Яша опасливо покосился на жандарма, порылся в тощем бюваре, что с некоторых пор таскал с собой постоянно, и выложил на столик несколько цветных фотографий.
– Вот, господин… э-э-э… ротмистр, да? Это и есть наш объект. Зовут Виктор, примерно двадцати пяти лет. Сейчас он, как и сказал Евгений Петрович, в Москве, но скоро объявится и здесь. Надо за ним проследить. Только вот что… сможете найти для этого таких людей, чтобы лишних вопросов не задавали?
– Чтобы вопросов не задавали, говорите? – озадаченно переспросил Вершинин. – Вообще-то у меня есть несколько доверенных сотрудников. Люди вполне надежные. Но хотелось бы знать – в чем, собственно, дело?
– В чем? – переспросил Яша. – Видите ли, может статься, что этого господина придется тихо взять и провернуть с ним одну… гм… комбинацию. Как бы вам объяснить… своего рода игра… – и Яша умолк, встретившись взглядом с Корфом. В глазах барона отчетливо угадывался вопрос: «Ну-с, милый друг, что ты на этот раз задумал?»
– Это же отвратительно, Артемий! – Голос Василия Петровича глухо доносился из гостиной. – Я не понимаю, как можно спокойно жить, зная, что народ – тот самый, о котором писали Некрасов, Салтыков-Щедрин, Пушкин, наконец, – будет отставлен от возможности получить образование. И это – после шагов к свободе и уважению личности, что были сделаны в России в прошлое царствование!
«А дядя-то разошелся не на шутку», – подумал Николка. В доме избегали разговоров о политике; исключение составляли те дни, когда из Петербурга приезжал университетский товарищ Василия Петровича. Артемий Лукич служил в канцелярии обер-прокурора Святейшего синода и, бывая по делам службы в Москве, обычно останавливался у Овчинниковых. На то время, пока он гостил на Гороховской, запрет на политические разговоры в доме снимался – и Василий Петрович с удовольствием расспрашивал приятеля о последних новостях из столицы. Тем более что ведомство обер-прокурора, который и сам был когда-то не чужд педагогике, с некоторых пор активно вмешивалось в дела народного образования.
Детей – Марину и Николку – до таких бесед не допускали, безжалостно отправляя по своим комнатам. Вот и приходилось напрягать слух, улавливая доносящиеся из гостиной фразы. Благо труда это не составляло – в пылу дискуссии спорщики частенько повышали голос.
– В прошлое царствование, говорите? Прекрасно-с! То-то господа революционеры отблагодарили царя-освободителя – бомбой! – Глухой, слегка простуженный басок – это уже Артемий Лукич. – Я, право, не понимаю тебя, Василий, – продолжал гость. – Неужели ты до сих пор не понял, сколь разлагающе влияет порой на юные умы излишний либерализм, царящий в университетах? И Константин Петрович совершенно прав, когда требует остудить российское общество, ограничив передвижение из неблагородных слоев населения в разночинцы и студенты, которые и были движущей силой недавнего революционного подъема.

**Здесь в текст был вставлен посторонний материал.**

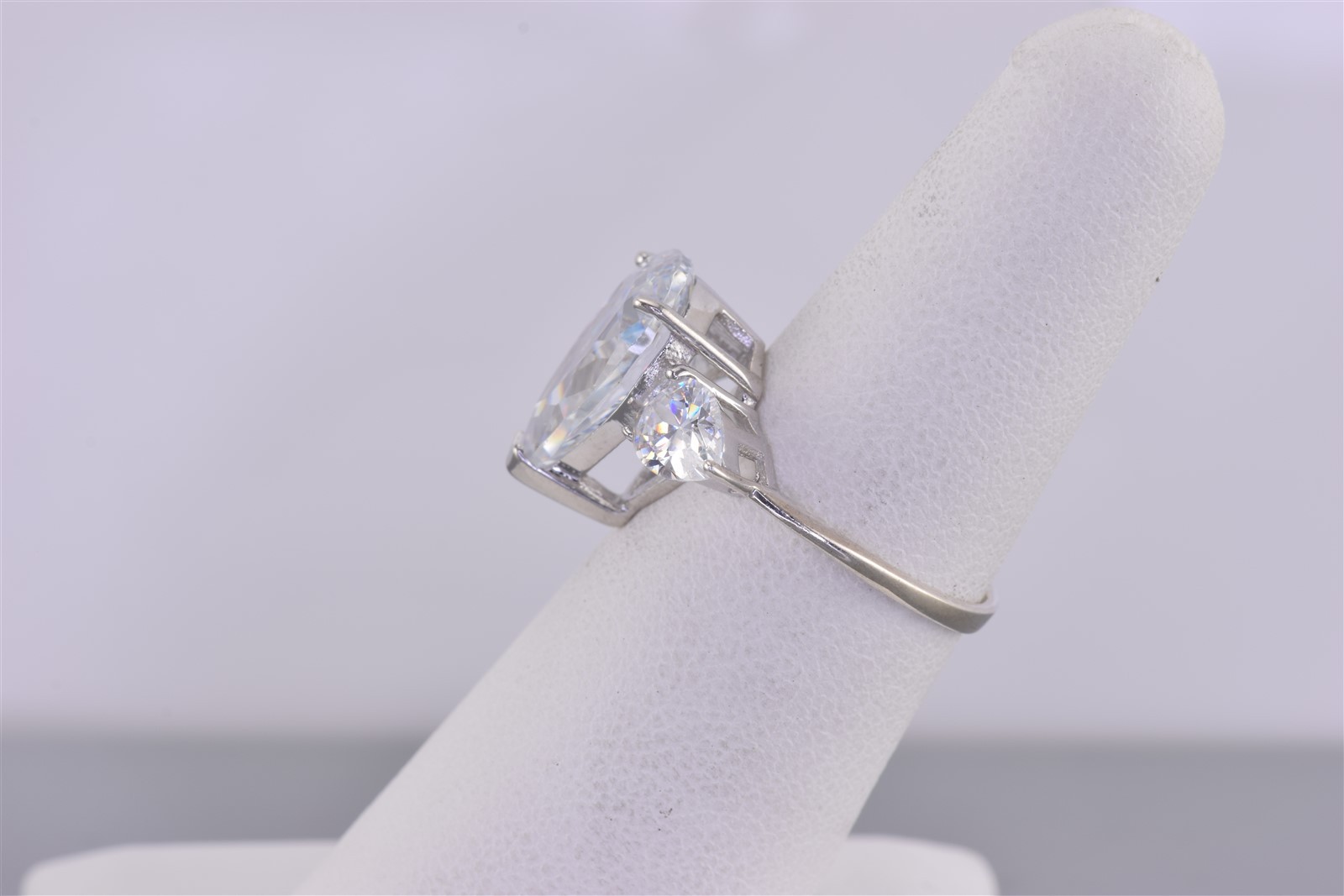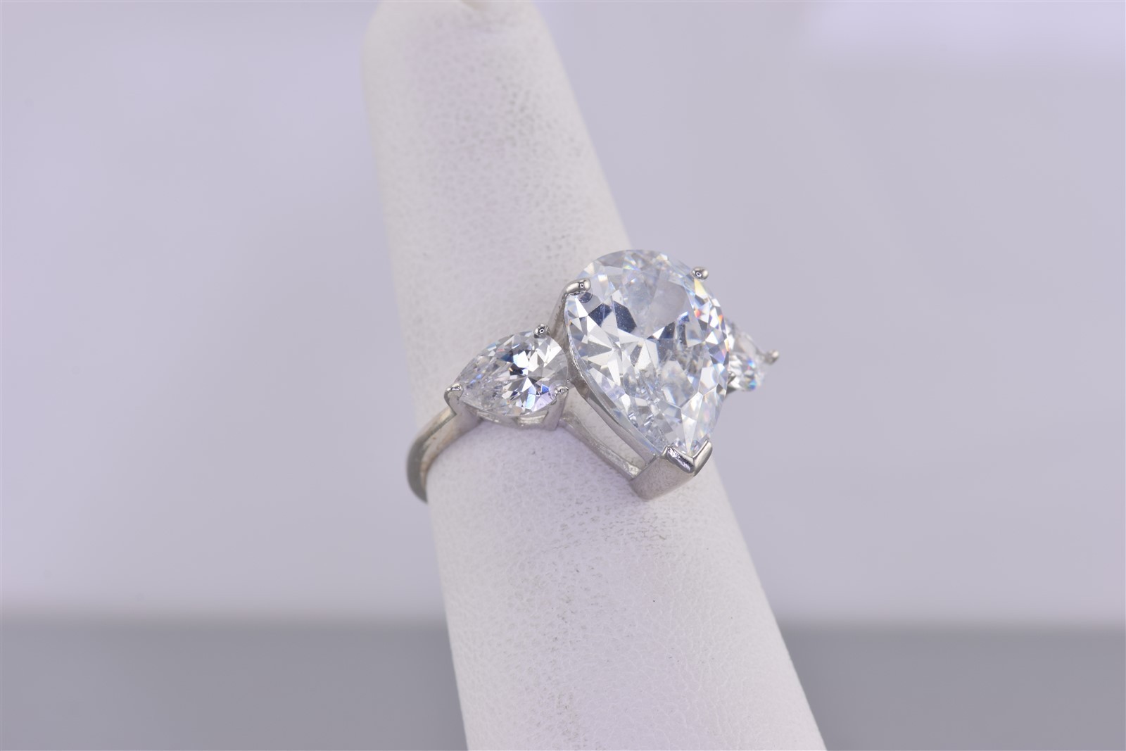 как выглядит Sterling Silver Pear Cut Cubic Zirconia Solitaire Accented Band Ring 925 Sz: 6 фото

– Твой Победоносцев одно только и знает – тащить и не пущать! – кипятился Овчинников. – Право же, до смешного дошло! Еще тогда, после реформ о свободе печати, когда зазвучали первые свободные голоса, критикующие власть, – тут же полезли и запреты, и всякого рода ограничения. В ответ люди, которым дорого свободное слово, принялись над властью насмешничать – порой даже и зло. Да ладно бы только насмешничать – критиковать, а то и советы давать. Скандал! А в ответ – что? Вместо здравого ответа на страницах тех же газет, которые, кажется, для того и созданы, чтобы вести дискуссии об общественной пользе, – насмешники и критики дождались, что их принялись хватать и ссылать. Конечно, схватились за револьверы; а их стали вешать. Ответили – взрывами. Вот так, голубчик, и докатились мы от безобидной в общем-то Засулич до Гриневицкого с Перовской…
– Ничего себе – «безобидная». – Гость раздраженно фыркнул. – Стрелять в генерал-губернатора в его же приемной – это, по-твоему, безобидная? Так ее еще и оправдали…
– И правильно сделали! – крикнул Василий Петрович. От волнения голос его срывался на фальцет, и Николка невольно хихикнул – так это было нелепо. – А вот если бы сразу после этого не началась волна гонений на всех, кто ее поддержал, – так, пожалуй, и взрыва на Екатерининском не было бы!
– Ты, друг мой, охолони, чайку выпей… – Артемий Лукич, в противоположность Овчинникову, говорил спокойно, и Николке приходилось напрягать слух, чтобы разобрать его слова. – «Самая идея власти утверждается на праве, и основная идея власти состоит в строгом разграничении добра от зла и рассуждении между правым и неправым – в правосудии». Как же может правосудие не покарать того, кто покусился на человеческую жизнь? Засулич вон оправдали – за речь адвоката, от которой чувствительные дамочки в зале суда в обморок падали, – и что в итоге? Пожалте – теперь из любого душегуба у нас святого лепят! А вот в Англии таких вешают, несмотря на прекрасные намерения…
– Опять своего Победоносцева цитируешь? – Василий Петрович раздражался все сильнее. – Ну что ж, вот тебе другая цитата – насчет евреев, живущих в России: «Одна треть вымрет, одна выселится, одна треть бесследно растворится в окружающем населении». Это же дичь, средневековье, что о нас в Европе подумают?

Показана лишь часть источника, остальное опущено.